Background and Aims Intrauterine growth restriction (IUGR) complicated by umbilical artery vasculopathy may have adverse effects on integrity and function of vascular endothelium and has been associated to atherosclerosis and to glomerulosclerosis risk in adulthood. Aortic intima media thickening, a preclinical sign of atherosclerosis, has been documented from intrauterine life, whereas the first signs of glomerulosclerosis have not been determined. So the aim of this study was to compare albuminuria/creatiniruria ratio (ACR) in IUGR and appropriate for gestational age (AGA) neonates.
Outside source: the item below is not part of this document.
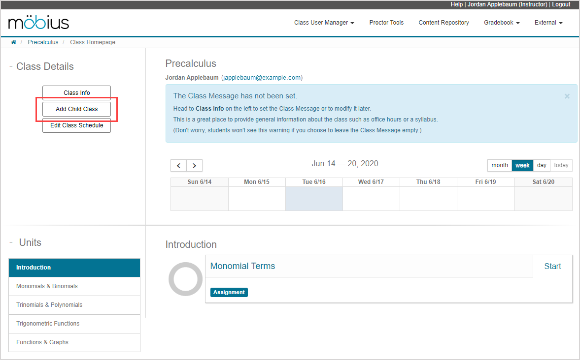 TIP: Check out Enroll users into my class to learn about enrolling students into your new child class.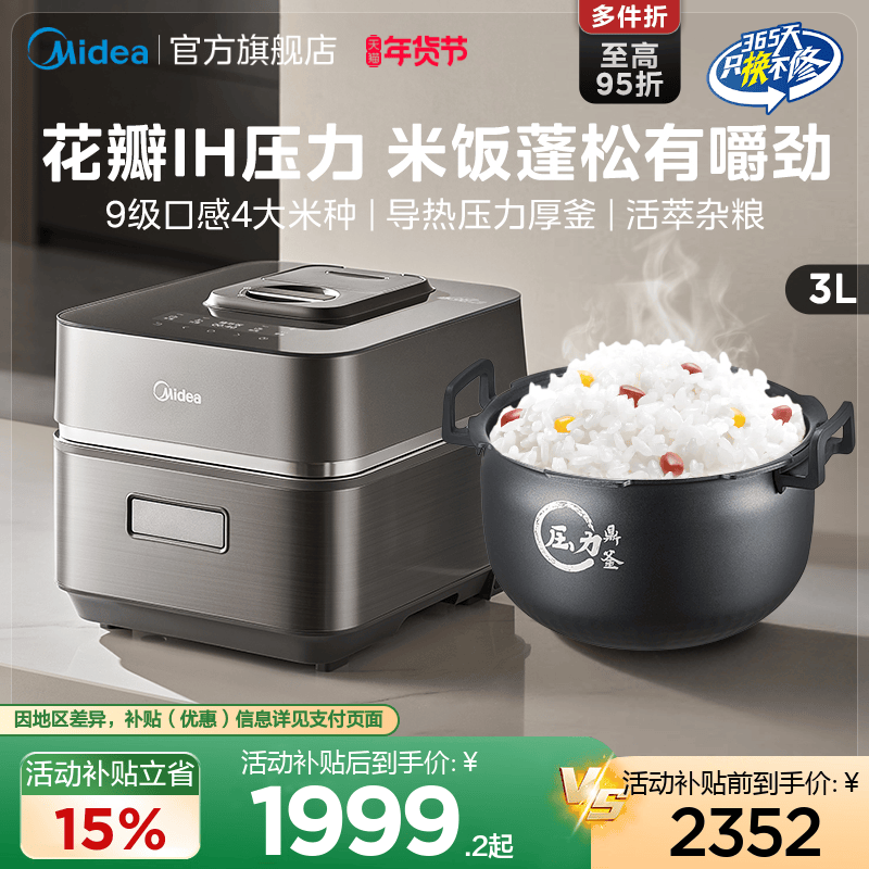 美的花瓣IH压力电饭煲家用3升小型多功能智能语音预约2025新款G3

Methods A prospective cohort study has been performed on 25 IUGR consecutive fetuses evaluated at Department of Woman and Child Health of Padua University between December 2009 and December 2010. They were considered IUGR if the estimated fetal weight (EFW) was below 10th percentile and the umbilical artery pulsatility index (PI) > 2 standard deviations. Each IUGR newborn was matched with 2 controls AGA neonates, of the same gestational age ± 1 week. They were considered AGA if the EFW was between 10th and 90th percentile. A urine sample was collected at 24–72 hours after birth for ACR determination.
Results Among the 25 IUGR fetuses enrolled, 2 were excluded because 1 had trisomy 21 and 1 renal agenesis. The remaining 23 were matched with 46 AGA newborns. ACR was significantly higher in IUGR compared to AGA newborns: median (IQR) 183.0 (113.6–264.7) vs 122.8 (72.5–191.9); p=0.04.
Conclusions IUGR is associated with significantly greater albuminuria at birth. This may be an early marker of glomerulosclerosis, which leads to renal disease in adulthood.